Entries provided:
========================
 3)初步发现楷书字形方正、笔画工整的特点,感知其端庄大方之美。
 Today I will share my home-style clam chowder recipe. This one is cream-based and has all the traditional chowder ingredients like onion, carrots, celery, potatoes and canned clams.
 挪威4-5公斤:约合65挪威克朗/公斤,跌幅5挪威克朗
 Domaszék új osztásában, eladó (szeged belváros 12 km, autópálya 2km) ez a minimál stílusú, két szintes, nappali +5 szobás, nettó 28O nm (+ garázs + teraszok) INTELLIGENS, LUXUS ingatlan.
========================
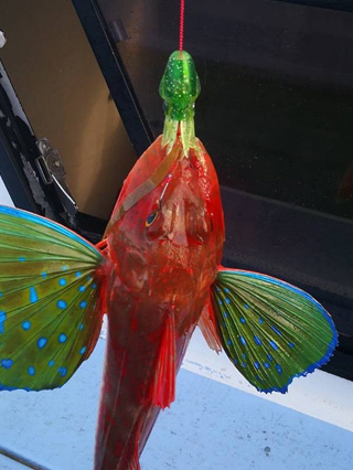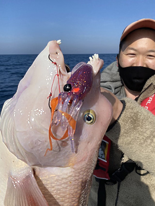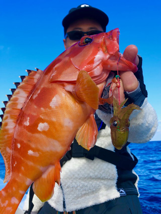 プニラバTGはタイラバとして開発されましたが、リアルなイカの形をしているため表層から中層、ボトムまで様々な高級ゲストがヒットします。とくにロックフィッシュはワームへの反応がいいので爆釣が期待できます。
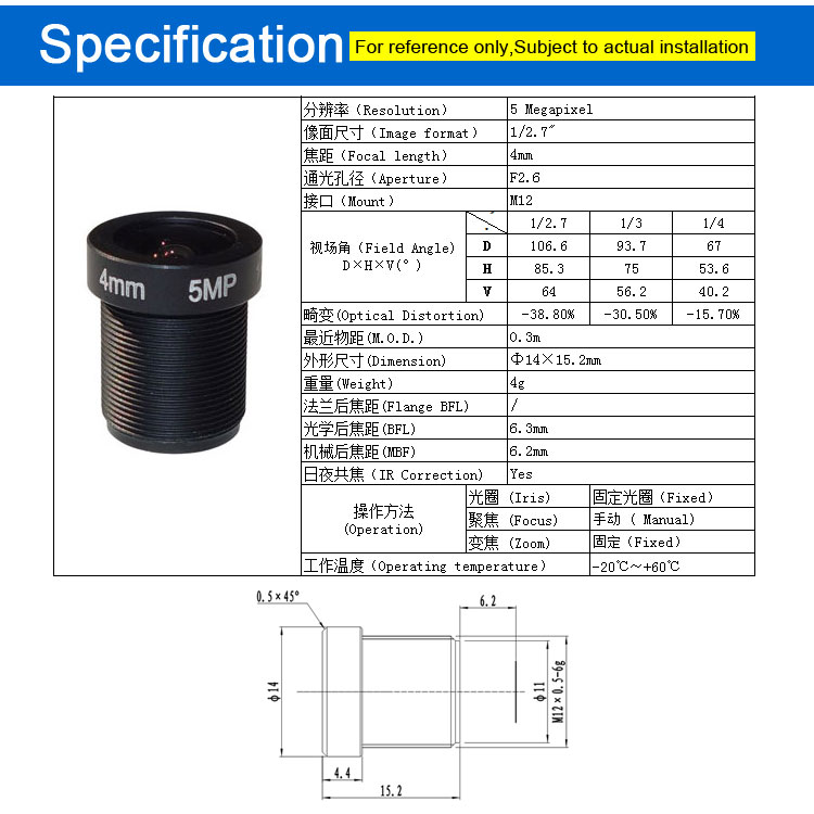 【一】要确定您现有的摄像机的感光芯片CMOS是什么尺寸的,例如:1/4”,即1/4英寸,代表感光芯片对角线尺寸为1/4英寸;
========================
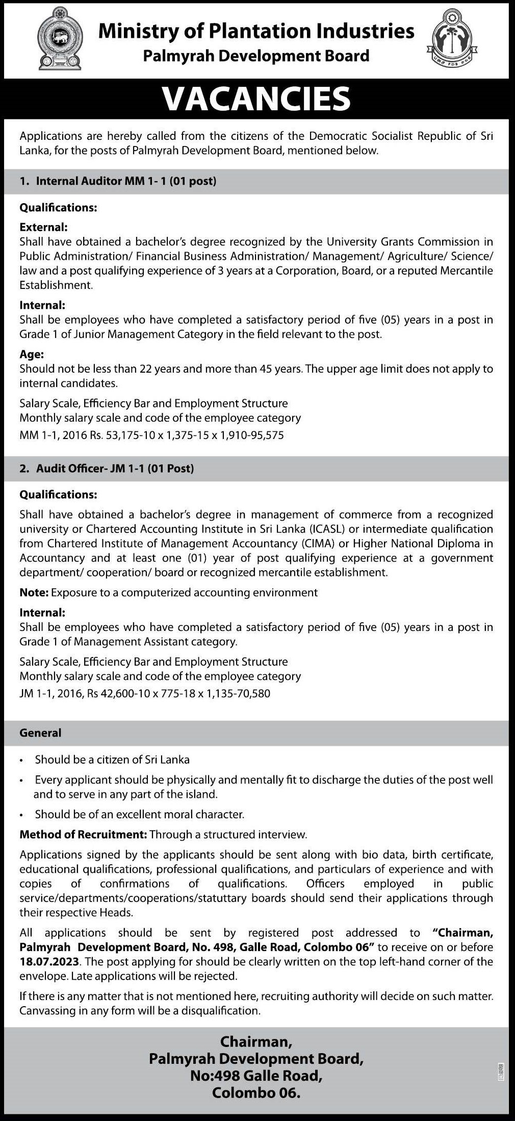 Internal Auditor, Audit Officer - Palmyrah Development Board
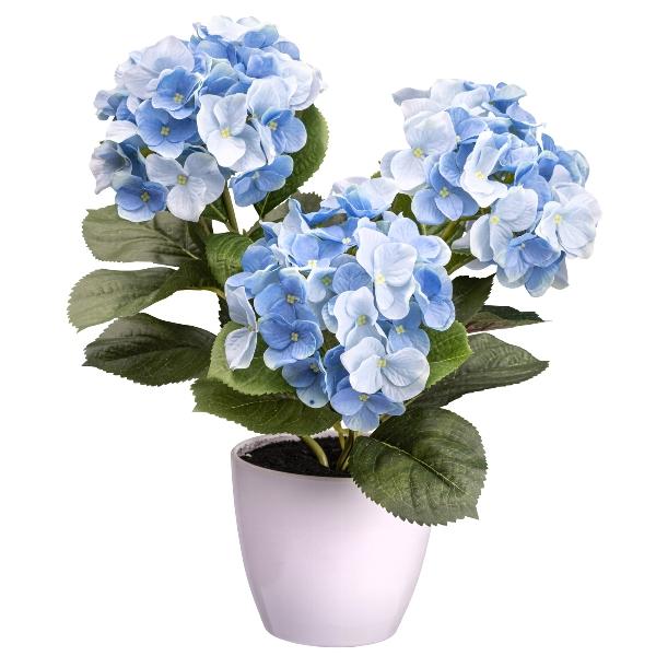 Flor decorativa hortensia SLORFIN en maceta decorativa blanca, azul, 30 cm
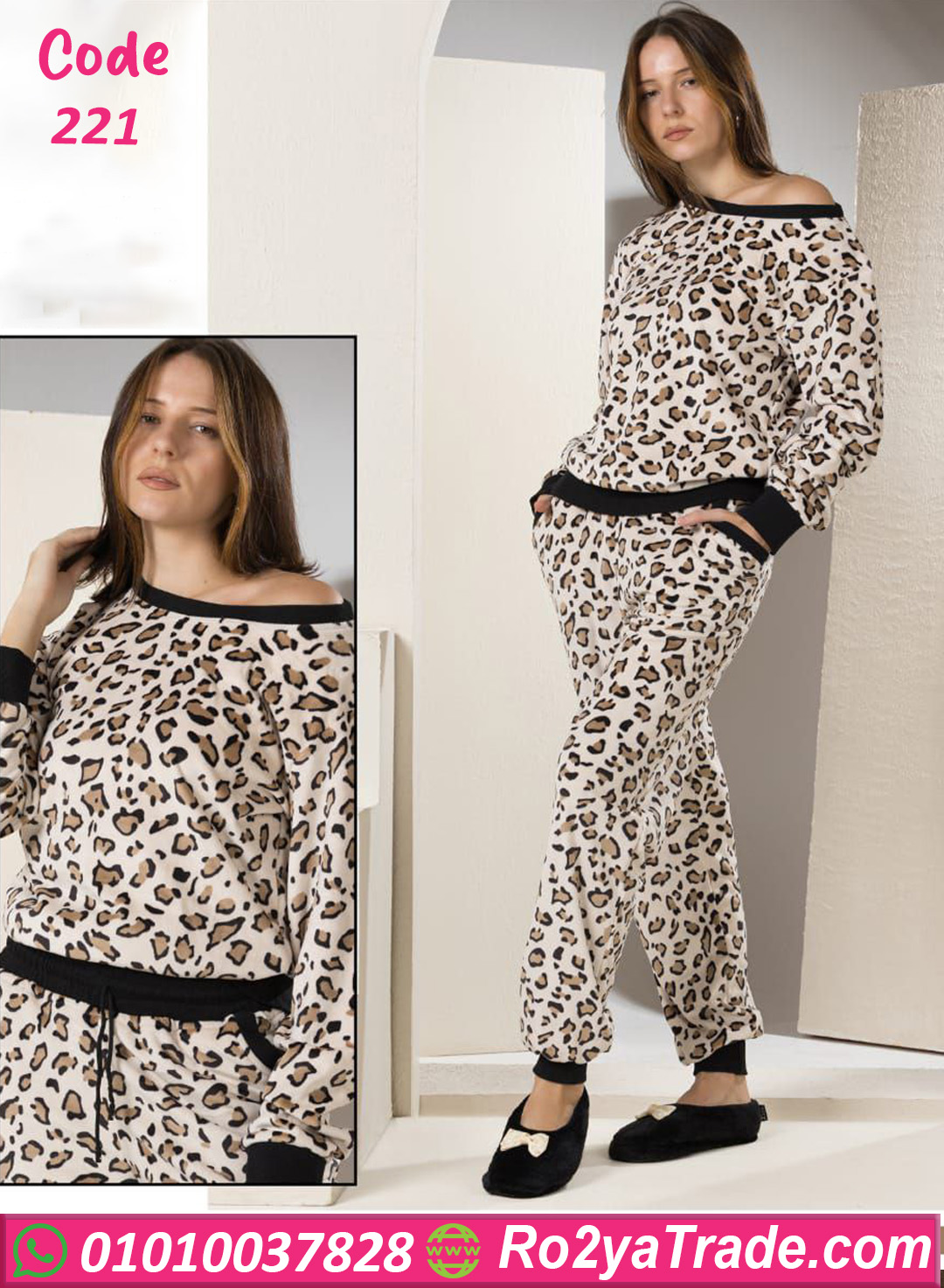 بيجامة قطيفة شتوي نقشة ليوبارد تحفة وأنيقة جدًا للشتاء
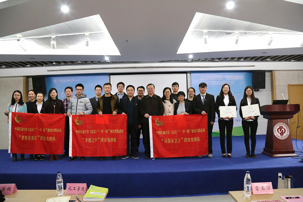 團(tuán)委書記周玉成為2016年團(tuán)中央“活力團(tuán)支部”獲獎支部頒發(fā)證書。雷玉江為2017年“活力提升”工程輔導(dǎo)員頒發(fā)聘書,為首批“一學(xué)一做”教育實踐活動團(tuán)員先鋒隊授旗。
========================
Your objective:
Starting at the line above that holds "Today I will" and ending at the line that holds "Domaszék új osztásában, eladó", transcribe each line exactly and include no other lines.

Solution:
 Today I will share my home-style clam chowder recipe. This one is cream-based and has all the traditional chowder ingredients like onion, carrots, celery, potatoes and canned clams.
 挪威4-5公斤:约合65挪威克朗/公斤,跌幅5挪威克朗
 Domaszék új osztásában, eladó (szeged belváros 12 km, autópálya 2km) ez a minimál stílusú, két szintes, nappali +5 szobás, nettó 28O nm (+ garázs + teraszok) INTELLIGENS, LUXUS ingatlan.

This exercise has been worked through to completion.